Tuesday, December 22, 2009

Don we now our gay apparel


1. "No, that's not a Yule Log in my pocket, and I am happy to see you."

2. The evening started romantically, but would end in the emergency room with a painful and delicate pinecone extraction.

3. "Come on, stop fussing with the tree and watch Twilight on Blu-Ray with me."

4. "Not a creature was stirring, not even a gerbil. I told you it was too tight in there."

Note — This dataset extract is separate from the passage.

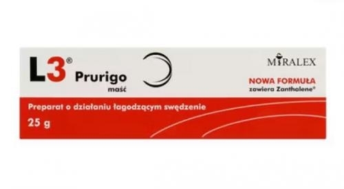 L3 Prurigo maść z aplikatorem chroni przed czynnikami podrażniającymi skórę i wywołującymi świąd. Łagodzi podrażnienia oraz odparzenia, zmniejsza świąd i pieczenie.

5. Safest bet in the world: Neither one of these guys watched the Giants stomp the Deadskins last night.

Best of molson
Hey! That's not a stocking you are stuffing.

Best of Matt the K
Bobby was such a narcissist, he asked for himself for Christmas.

Best of Army of Dad
Everytime a bell rings in the house a fairy gets rimmed.

Best of Army of Dad
Barney Frank: All I want for Crhistmas is my two twink fags, my two twink fags...

Best of Submariner
Wonder-Twin powers; Activate!

"Shape of a Twink"
"Form of a Twink"

Best of GregMan
"Todd, tell me again how well-hung my ornaments are!"

Best of GregMan
Dancer and Prancer trim the tree.

Best of dadoctah
"Say it again for me: 'I don't want to make toys; I want to be a dentist!'"

Best of sonicfrog
Johnny Storm's "Flame-On" Christmas!

Best of racerboy
Remember, now: the safe word is, "yule log."

38 comments:

Anonymous said...

"Here, hangs these balls."

Vinney

dadoctah said...

"Tonight, what say *you* be Currier and I'll be Ives?"

Mr. Hankey said...

"Don we now our gay apparel?"

blue said...

let's curl up by the fire, look at naked pictures of Obama and Hope we never Change!!

paul said...

When you're done with the tree, go try on the boots I gave you....

molson said...

Hey! That's not a stocking you are stuffing.

Matt the K said...

Yeah. I get it, Bobby...you're a flamer. Funny. Now turn around and give me some sugar!

Army of Dad said...

Brokeback Christmas.

Army of Dad said...

"Hey sugar, wanna play Mr. and Mrs Claus again?"

Matt the K said...

What DO you get those gay twins who already have everything for Christmas?

Submariner said...

C'mon, Santa; I really have been a "bad little elf..."

Matt the K said...

Bobby was such a narcissist, he asked for himself for Christmas.

Army of Dad said...

What a flamer.

Matt the K said...

Yes, we all ask for good will and brotherly love for Christmas, but sheesh!

Submariner said...

V. the K. said...
Safest bet in the world: Neither one of these guys watched the Giants stomp the Deadskins last night.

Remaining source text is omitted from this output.